The narrative of the cleansing of the Temple shews how burning was our Lord's indignation at practices that degraded men's notions of God. [pg 167] Personal attacks He bore with meekness, “when He was reviled He reviled not again, when He suffered He threatened not;”[108] but He gives free vent to a godly wrath when He finds men driving a traffic in holy things.
A personal characteristic of our Lord, shewn again and again, comes for the first time before us here: He carried authority in His air, an authority that needed no assertion, but to which men bowed. The owners of the oxen yield without resistance to the determination He shews. It is only the Hierarchy who ask, “What sign shewest thou unto us, seeing that thou doest these things?”[109] I need not say that on demand He will work no Sign at all: this is His invariable rule.
St John says nothing of the nature of the miracles wrought by our Lord at this time; we only hear that they induced people “to believe in His name.”[110] They may have been chiefly miracles of introspection, like the recognition of Peter, the seeing of Nathanael under the fig-tree, and the divining of His mother's meaning when she said “they have no wine;” for St John assiduously keeps before his hearers this insight of our Lord into men's minds.

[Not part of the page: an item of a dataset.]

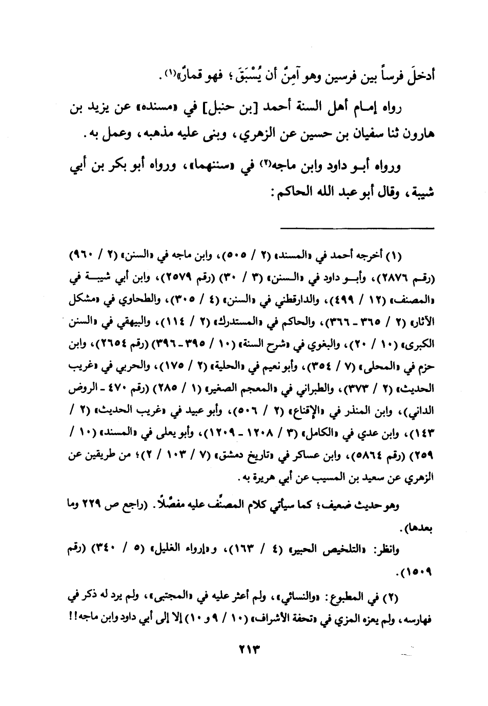 رَوَاهُ إِمَام أهل السّنة أَحْمد [بن حَنْبَل] فِي مُسْنده عَن يزِيد بن هَارُون ثَنَا سُفْيَان بن حُسَيْن عَن الزُّهْرِيّ وَبنى عَلَيْهِ مذْهبه وَعمل بِهِ وَرَوَاهُ أَبُو دَاوُد وَابْن مَاجَه فِي سُنَنهمَا وَرَوَاهُ أَبُو بكر بن أبي شَيْبه وَقَالَ أَبُو عبد الله الْحَاكِم: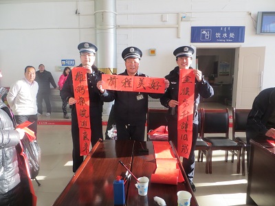 在短短的2个多小时里,共书写春联100余副,旅客们拿着代表平安、祝福的春联,听着民警们关于防骗防盗、出行提示的宣传,带着祝福踏上归途。

In particular he says, in reference to the disciples who gathered round Him in Judæa,
“But Jesus did not trust himself unto them, for that he knew all men, and because he needed not that any one should bear witness concerning man: for he himself knew what was in man.”[111]
When our Lord drove out the money-changers and those who sold doves, people thronged to Him in Jerusalem, thinking that the leader whom they sought had come. But these were not disciples after His own heart, not such as should receive the kingdom of God as little children. These were men who had both notions and a purpose of their own; men who would follow Him as long as He went their way; and who, when He did not, would “go back and walk no more with Him.”[112] The relation of our Lord to these early Judæan disciples was very different from that in which He stood, either to the five who had gone with Him from Bethabara to Cana and Capernaum, or to those who afterwards thronged to His preaching of the Kingdom of Heaven. To these Judæan disciples our Lord as far as we know delivers no lessons and issues no directions; we do not hear that they were especially chosen for witnesses of the Signs in Jerusalem, or that they formed an organised body in any way. It seems rather as if a body of men ranged themselves round our Lord and, from their admiration for Him, took the name of His disciples, but did not hold themselves to be under orders, and came and went as they pleased.
Our Lord had not yet begun His real Ministry; He was probing the capacities and natures both of individual men and of different classes in the community, with a view to testing their fitness for taking part in His great work.
Something inclined Him, we may suppose, to take Galilee for the cradle of the new movement; and the circumstance that those who first adhered were all Galilæans pointed along the same way. It would appear to be a method of Divine guidance, to speak by a whisper within, and, at the same time, so to order circumstances without, that one should fall in with the other: sometimes this coincidence will be perceived and will strike the beholder with a kind of awe, and sometimes it will operate on him without his being aware.
There was much that made Galilee suitable: its position was at once central and retired, and its inhabitants were, according to Josephus, sturdy and independent, and, of course, free from the pedantry of Rabbinical schools. Jerusalem however claimed a trial from our Lord. He desired to know what was passing there in the minds of those who were seeking truth. It was possible that a cradle for the infant church might be found among the followers of the Baptist, or among Scribes like Nicodemus. Our Lord gauges the fitness of both these bodies of men. We know what conclusion settled itself in His mind during those early days: He must not put new wine into old bottles. The enlightened party among those in authority were more after the type of Erasmus than of Luther, they lacked force: they had been trained to pick their way through difficulties of interpretation, but not to grasp great principles, still less to act; and though they divined that there was a truth dawning from afar, [pg 170] yet their feeling for it was not so much a passion as a taste.
After the discourse with Nicodemus the Evangelist returns to narration, and tells us of a visit of our Lord and His disciples to the district where the Baptist was carrying on his work. It may have been that he meant to represent our Lord as turning from Nicodemus to John's disciples; as if, when He found the former unequal to the need, He would try how the latter might serve. The words are
“After these things came Jesus and his disciples into the land of Judæa; and there he tarried with them, and baptized. And John also was baptizing in Ænon near to Salim, because there was much water there: and they came, and were baptized.”[113]